Swiftships, a longtime builder of fast vessels for defense and commercial uses, teamed with the University of Louisiana-Lafayette in February to demonstrate a remotely controlled prototype fast craft, called Anaconda, for a wide range of riverine missions.
Swiftships competes in global markets for smaller naval ships. The company has delivered 13 120-foot coastal patrol boats to the Iraqi navy under a 15-ship contract and has a long-term agreement with the Egyptian navy to co-produce 25-foot patrol boats in Egypt. It also has built ships to support offshore drilling operations for U.S. and international oil and natural-gas companies.
Eric Geibel, Swiftships director of special programs, said the company (formerly Sewart Seacraft) traces its experience in fast boats to its work on the U.S. Navy swift boats that were used in Vietnam War brown-water riverine campaigns. Swiftships is working with the mechanical-engineering faculty and a team of engineering graduate students at UL-Lafayette to integrate new sensor and control technologies into the Swiftships’ Anaconda hullform, which was built initially for special-operations missions.
The 15,500-pound, 35-foot Anaconda is powered by two Yanmar electronic diesel engines and two Rolls-Royce waterjets, giving the craft an endurance speed of 35-plus knots to a range of 200 nautical miles, and maximum speed of more than 50 knots.
Geibel said UL-Lafayette worked with the Defense Advanced Research Projects Agency (DARPA) in 2004–05 on the development of an autonomous all-terrain vehicle called Cajunbot for DARPA’s Grand Challenge competition. Swiftships and the university then formed a partnership to modify the UL guidance-and-control systems for the fast-riverine craft configuration.
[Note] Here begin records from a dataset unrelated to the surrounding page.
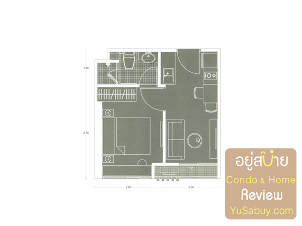 แปลนแบบนี้ก็จะค่อนข้างคล้ายกับแบบด้านบนครับ ต่างกันแค่ตำแหน่งของเคาท์เตอร์ครัวที่จะยาวอยู่ด้านเดียวกันส่วนอีกฝั่งใช้วางโต๊ะรับประทานอาหาร ถ้าวัดพื้นที่ห้องทั้ง 2 แบบก็จะเท่ากัน แต่จะแตกต่างกันที่ระยะความกว้างห้องครับ แบบนี้จะได้พื้นที่ห้องนอนแคบกว่า 20 ซม. แต่ได้พื้นที่ด้านนอกส่วนพักผ่อนเพิ่มมา 20 ซม.แทน สงสัยเวลาเลือกห้องน่าจะต้องดูกิจกรรมยามว่างว่าชอบนอนหรือชอบตื่นมากกว่ากัน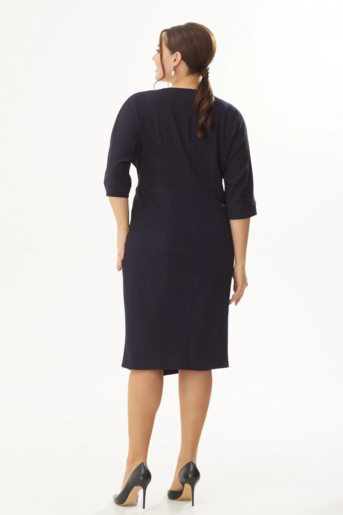 арядное женское платье из фактурного трикотажа в люрексовую точку прекрасно подойдет для рабочих будней, а также торжественных мероприятий. Перед и спинка изделия с центральным и таливым швами, застроченные встречные складки на лифе служат вытачками, а в юбке дают дополнительный объем и необычный силуэт. Платье заужено к низу. Передняя часть удлинена и имеет разрез. Рукав "летучая мышь" цельнокроеный 3/4, с пристроченной манжетой. Горловина лодочка с разрезом, который украшает цепочка вставленная в блочки.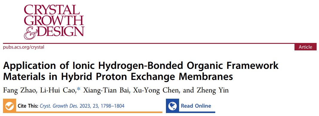 相關(guān)成果以“Application of Ionic Hydrogen-Bonded Organic Framework Materials in Hybrid Proton Exchange Membranes”為題,發(fā)表在Crystal Growth & Design上(IF = 4.010)上。陜西科技大學(xué)為論文唯一通訊單位,化學(xué)與化工學(xué)院2020級(jí)碩士研究生趙芳為該論文的第一作者,曹麗慧教授為第二作者和論文唯一通訊作者。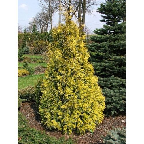 Туя западная 'Holmstrup Yellow' (Thuja occidentalis 'Holmstrup Yellow') — это популярный медленнорастущий сорт с плотной, узкоконической кроной и яркой желтой хвоей, которая сохраняет свой цвет круглый год.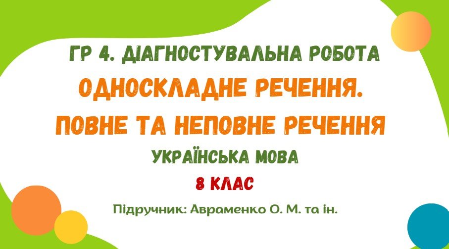 Коли я отримаю матеріал «ГР 4. Діагностувальна робота №4. Односкладне речення. Повне та неповне речення. Українська мова. 8 клас НУШ (підручник: Авраменко О. М. та ін.)»?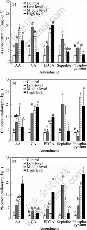 Fig. 2 Concentrations of As (a), Cd (b) and Pb (c) in giant reed grown on soils treated with different amendments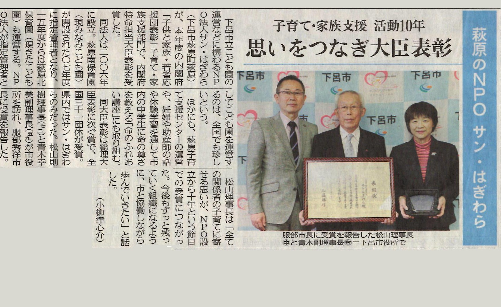 28年度 内閣府「子供と家族・若者応援団表彰」の16受賞者の1つにNPO法人サン・はぎわらが選ばれ、内閣府特命担当大臣表彰を受賞しました。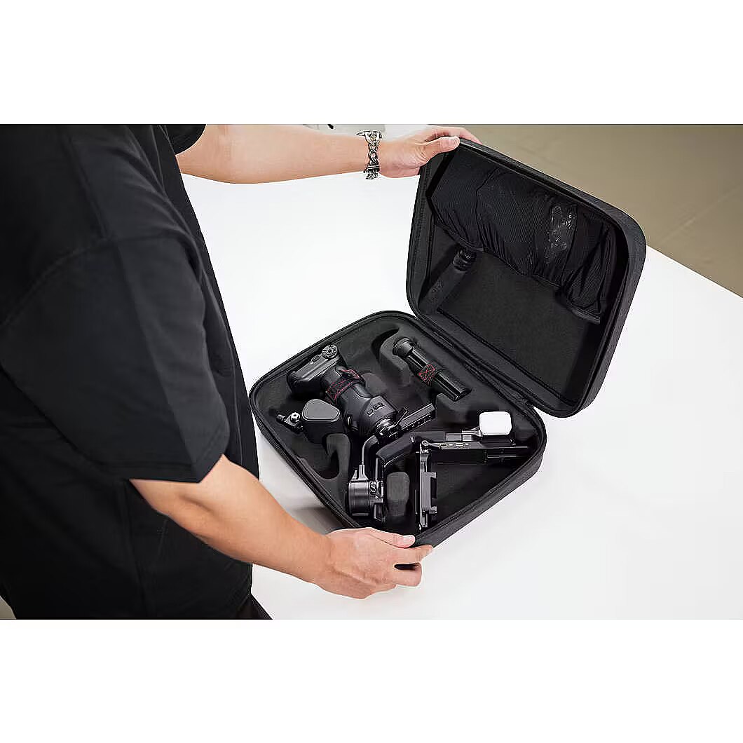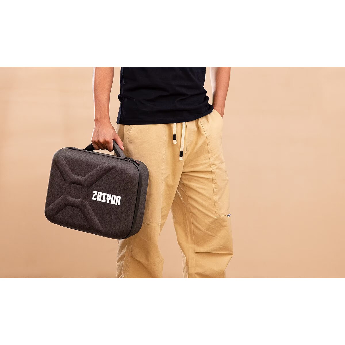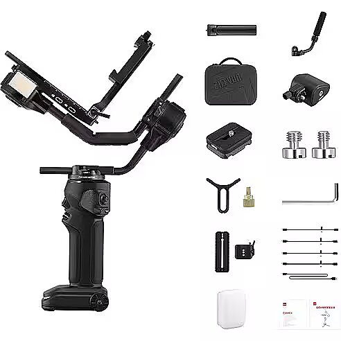 The four 18650 batteries support up to 12 hours of operation time and can be fully charged in less than two hours thanks to USB Power Delivery fast charging. Set includes Zhiyun Crane 4 stabilizer Sling handle Wrist rest Table tripod (WB2) Carrying case Camera backing base Lens support Double-layer quick release plate Reflector 3/8" screw 3 × 1/4" screw 1/4" wrench Sony USB-C - Multi USB control cable 2 × Canon control cable Panasonic control cable USB-C cable Quick start guide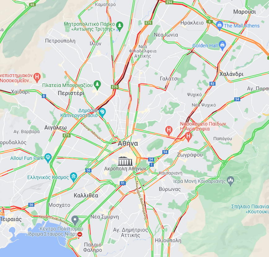 Ο χάρτης της Google με την κίνηση τώρα στους δρόμους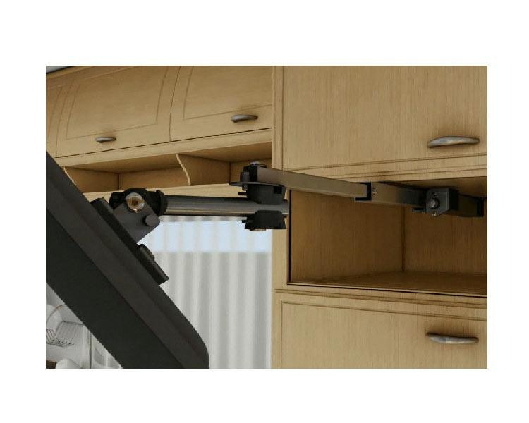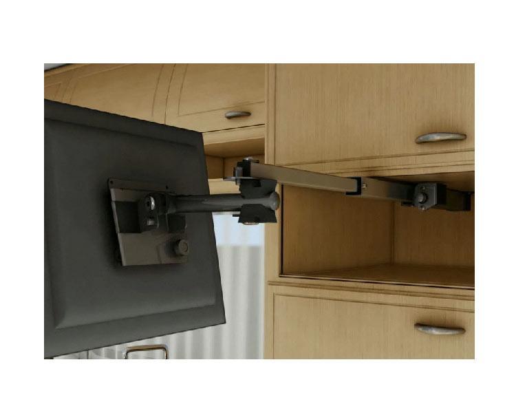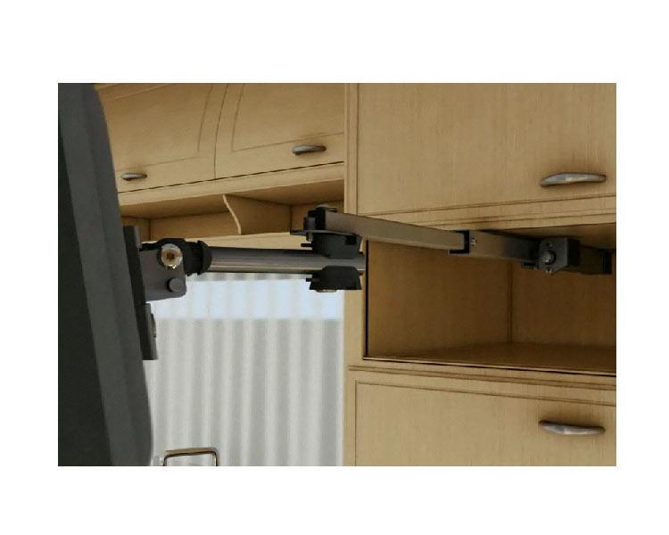 Die Monitorhalterung MonLines Medio-W als Schrankeinbau ist für Wohnwagen, Wohnmobil, WOMO, Boot oder Campingwagen vorsehen, um in Schränken den Monitor verschwinden zu lassen. Besondere Ort bedürfen besondere Halterungssysteme- der MonLines Medio - W ist ein Monitor Schwenkarm.

In the February demonstration, conducted on the Atchafalaya River near Morgan City, Louisiana, operators controlled the unmanned Anaconda using an iPad by touching the screen to guide the craft in a range of maneuvers and turns.
Geibel said that the goal of the project is to develop fully autonomous capability for multiple craft for many military, law-enforcement, and commercial riverine operations. Naval and special-operations missions for the craft include resupply of remote bases and surveillance and intelligence-gathering along river channels and near ports. Potential commercial applications include surveying hazardous areas, such as waterways contaminated by dangerous gases or radiation.
As an example, Geibel cited the meltdown of three nuclear reactors at the Fukushima power plant in Japan in March 2011 following the Tohoku earthquake, which led to release of toxic radiation. The autonomously controlled Anaconda could survey water, atmospheric, and soil conditions, eliminating the need to risk personnel on dangerous survey work in a contaminated environment.
The team is continuing development of the control and navigation system, which will include lasers, cameras, and ultrasound sensors to monitor currents and waves and detect hazards in the water, such as logs and other river traffic.
Geibel added that while the craft would conduct their missions autonomously, a human operator would monitor operations from a remote control site and could intervene if necessary.
In-water demonstrations will continue through late summer as the Swiftships-UL team continues development of the advanced systems and the control software to support more complex operating parameters.
The Anaconda’s control systems can be integrated with the craft as modular, mission-oriented packages, similar to the Navy’s approach in developing the surface-warfare, mine-countermeasures, and antisubmarine-warfare modules for the littoral combat ship program.
“Versatility is the key” to the Anacaonda program, said Geibel, adding that the insertion of new technologies within the proven hullform could be modified to meet Navy or Special Operations Command requirements for a high-speed, autonomously controlled craft. While riverine operations is the niche market for the Anaconda, it also would be capable of operating effectively in coastal regions.